The date was December 7, 1946, and Tennessee was living in New Orleans on St. Peter Street when he heard a friend shouting up the air shaft, “It’s just come over the radio. Laurette Taylor is dead.”

He was so stunned with the news that he couldn’t respond.

After two minutes of silence, his friend called up again. As Tennessee later revealed, the friend shouted up an appalling one-liner: “I knew you’d be disappointed.”

Tennessee was more than disappointed. He was heart-broken. He wrote a posthumous tribute to her, praising “the great warmth of her heart. There was a radiance about her art which I can compare only to the greatest lines of poetry, and which gave me the same shock of revelation as if the air about us had been momentarily broken through by light from some clear space beyond us.”

[At the time of her death, Laurette Taylor was too prominent an icon not to be celebrated by the entertainment community. In 1955, her daughter, Marguerite Courtney, published a widely respected, psychologically complex biographical tribute to her mother which modern-day reviewers define as one of the first books ever written from the point of view of the child of an alcoholic. In 1960, after a laborious search to find an actress who could capture the essence of the mercurial Taylor (Vivien Leigh was considered), Judy Holliday was cast in a show directed by José Quintero. When Holliday became ill and had to leave the show, which had been rancorously divided during rehearsals based on bickering between its creative team and its management, it closed without ever opening on Broadway.]

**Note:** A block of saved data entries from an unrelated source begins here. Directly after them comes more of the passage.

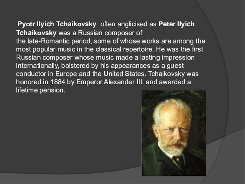Слайд 2 Pyotr Ilyich Tchaikovsky  often anglicised as Peter Ilyich Tchaikovsky was a Russian composer of the late-Romantic period, some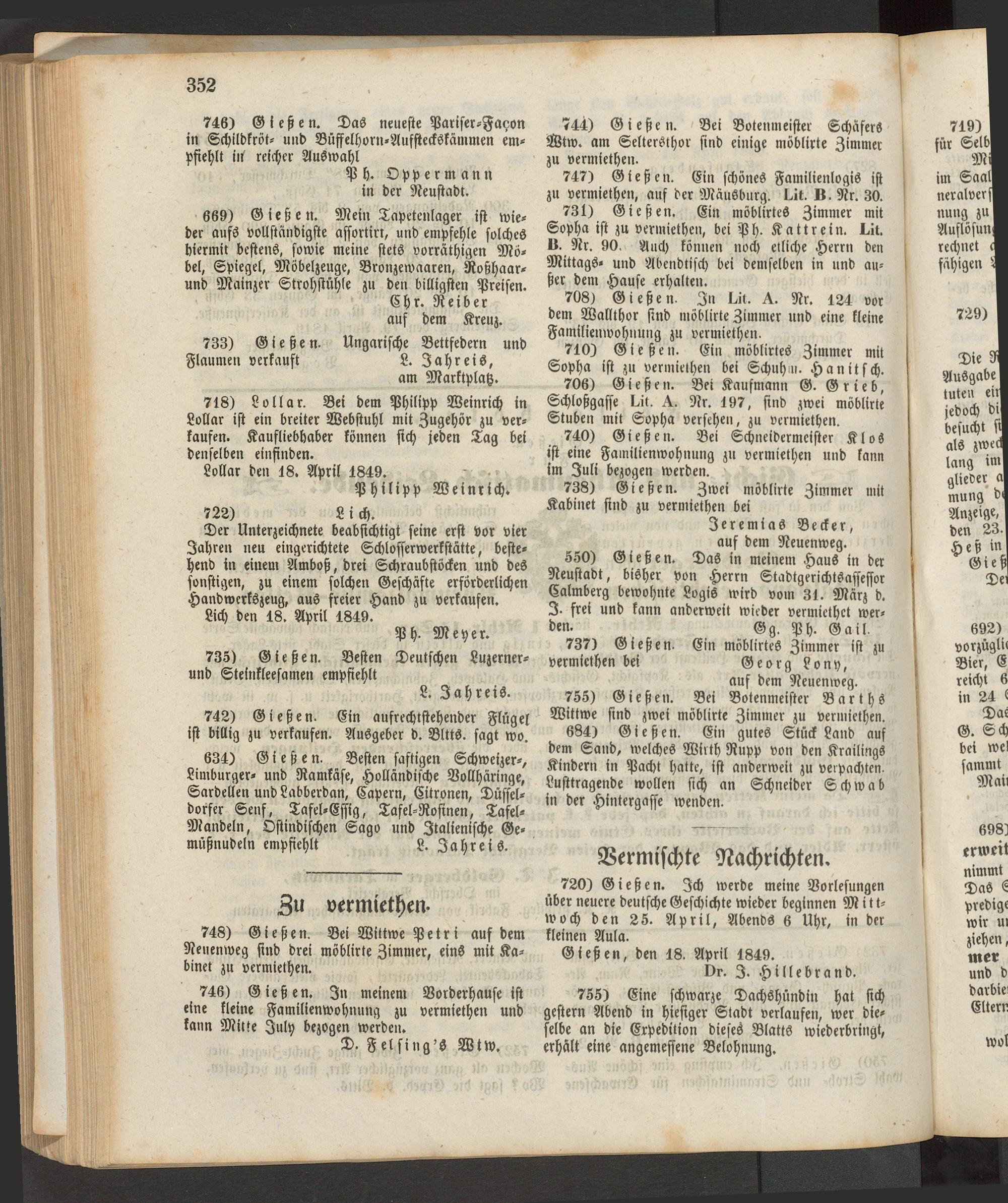 Anzeigeblatt für die Provinzialhauptstadt Gießen. 1840-1867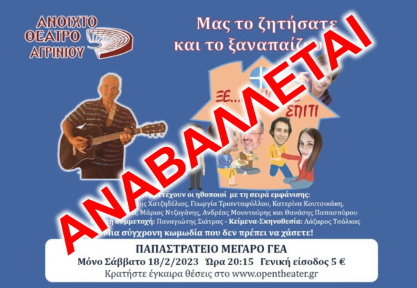 Αναβάλλεται η θεατρική παράσταση “ΞΕ…ΜΕΝΟΥΜΕ ΣΠΙΤΙ” από το ΑΝ.ΘΕ.Αγρινίου που θα γινόταν στο Παπαστράτειο Μέγαρο το Σάββατο 18/2/2023 20:15.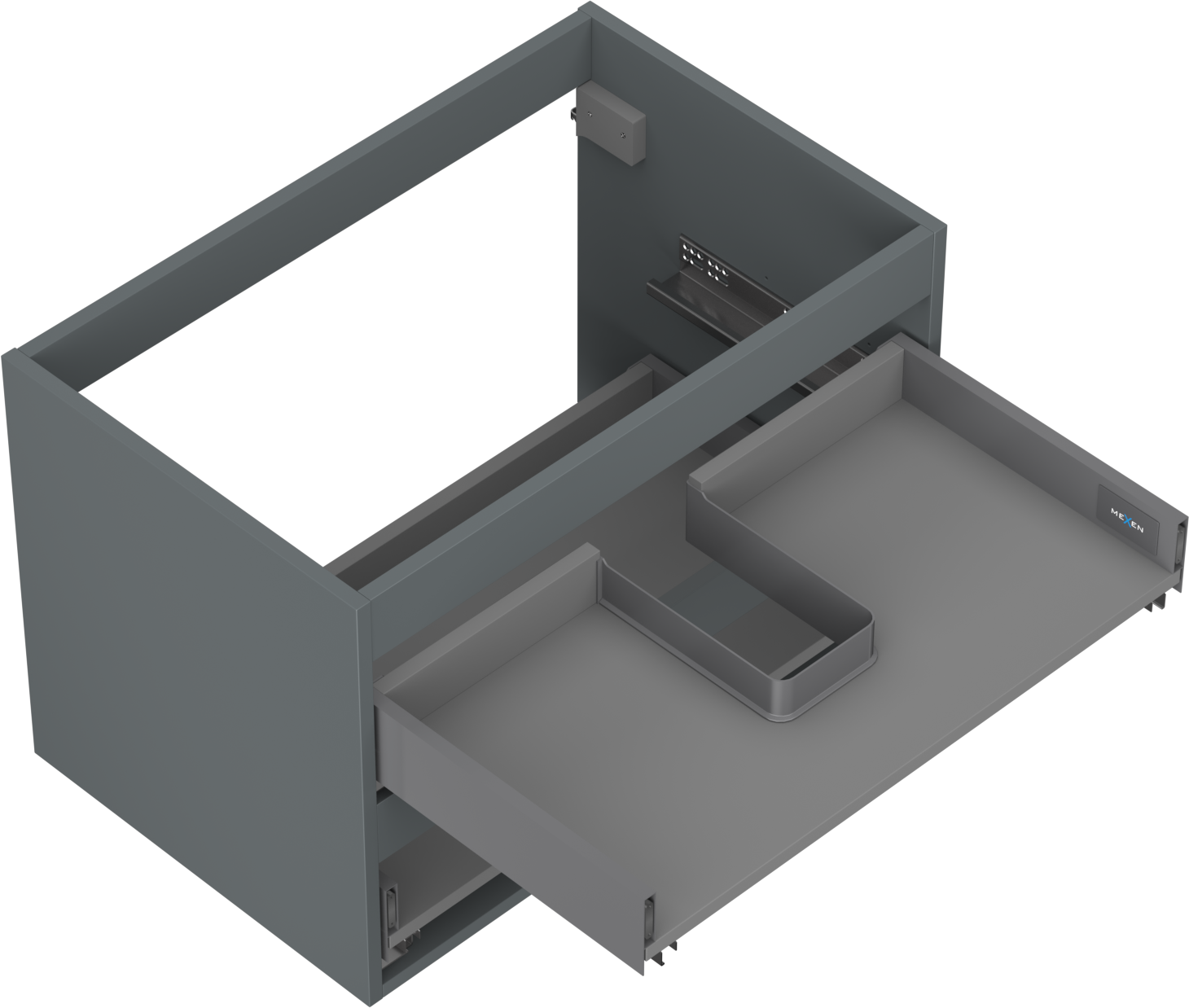 La découpe dans le tiroir est conçue de manière à accueillir le siphon, qui est nécessaire dans les installations de lavabo. Ainsi, le meuble peut être installé de manière pleinement fonctionnelle, sans devoir renoncer à l'espace du tiroir au profit de l'installation.

Still “holding a special place in my heart for Laurette,” Tennessee journeyed to Philadelphia to attend a performance of Judy Holliday playing Laurette during the period the play was still being fine-tuned for the Broadway opening that never happened.

He met and talked with
Laurette’s
director, José Quintero, who told him that, “Judy is dying. She’s got to leave the show. We’re closing in Philadelphia. I don’t plan to take it to Broadway with another star.”

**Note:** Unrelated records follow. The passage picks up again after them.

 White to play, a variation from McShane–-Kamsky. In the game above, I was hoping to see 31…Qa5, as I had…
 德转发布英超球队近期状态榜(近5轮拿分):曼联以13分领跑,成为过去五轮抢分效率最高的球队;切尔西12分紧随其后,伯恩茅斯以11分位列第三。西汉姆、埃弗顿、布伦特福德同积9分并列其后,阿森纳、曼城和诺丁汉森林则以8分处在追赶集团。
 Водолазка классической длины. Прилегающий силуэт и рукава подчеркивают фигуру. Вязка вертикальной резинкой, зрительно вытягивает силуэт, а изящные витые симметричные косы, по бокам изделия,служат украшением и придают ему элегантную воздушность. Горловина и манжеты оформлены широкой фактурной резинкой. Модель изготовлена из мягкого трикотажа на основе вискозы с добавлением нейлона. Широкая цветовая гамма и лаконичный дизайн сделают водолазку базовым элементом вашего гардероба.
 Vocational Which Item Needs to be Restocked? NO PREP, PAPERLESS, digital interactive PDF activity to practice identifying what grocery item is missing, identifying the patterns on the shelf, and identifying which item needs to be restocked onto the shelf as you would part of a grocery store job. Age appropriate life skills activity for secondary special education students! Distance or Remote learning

After Tennessee praised Judy’s performance, she left to enter the hospital for throat surgery.

On June 7, 1956, after years of fighting the disease, she died from breast cancer two weeks before her 44
th
birthday.

Tennessee later said, “I’m sorry the world didn’t get to see Judy Holliday as Laurette. She was wonderful in bringing Laurette back to life. Both Laurette and Judy died far too soon. The most sensitive moths fly too close to the flame. The dragonflies live forever.”

“I Have No Affection for Aging Southern Belles”

—Helen Hayes

While
The Glass Menagerie
played in Chicago, Helen Hayes was also starring there in a play entitled
Harriet
. She and Laurette Taylor had long been friends. Hayes often met with Tennessee and Laurette after their respective shows. He would take them to one of the State Street bars for a relaxing drink, limiting Laurette to just two cocktails because of her alcoholism.

In ill health, Laurette’s voice often failed her. Sometimes, Hayes arrived at Laurette’s hotel suite with an electric steam kettle to which she’d add decongestants in an attempt to help restore Laurette’s ailing throat. “I often stayed the night, leaving in the early morning after making sure Laurette could breathe properly. To save her vocal cords, she didn’t speak during the day.”

Laurette sensed that she might not be around by the time
The Glass Menagerie
opened in London. “She made me promise that if something happened to her, I would play Amanda on the stage in London,” Hayes said. “I promised her that I would, although I didn’t like the role of Amanda. She reminded me of all those aging Southern belles I had known during my youth in Washington. I also didn’t want to follow Laurette in a role she’d brilliantly made her own.”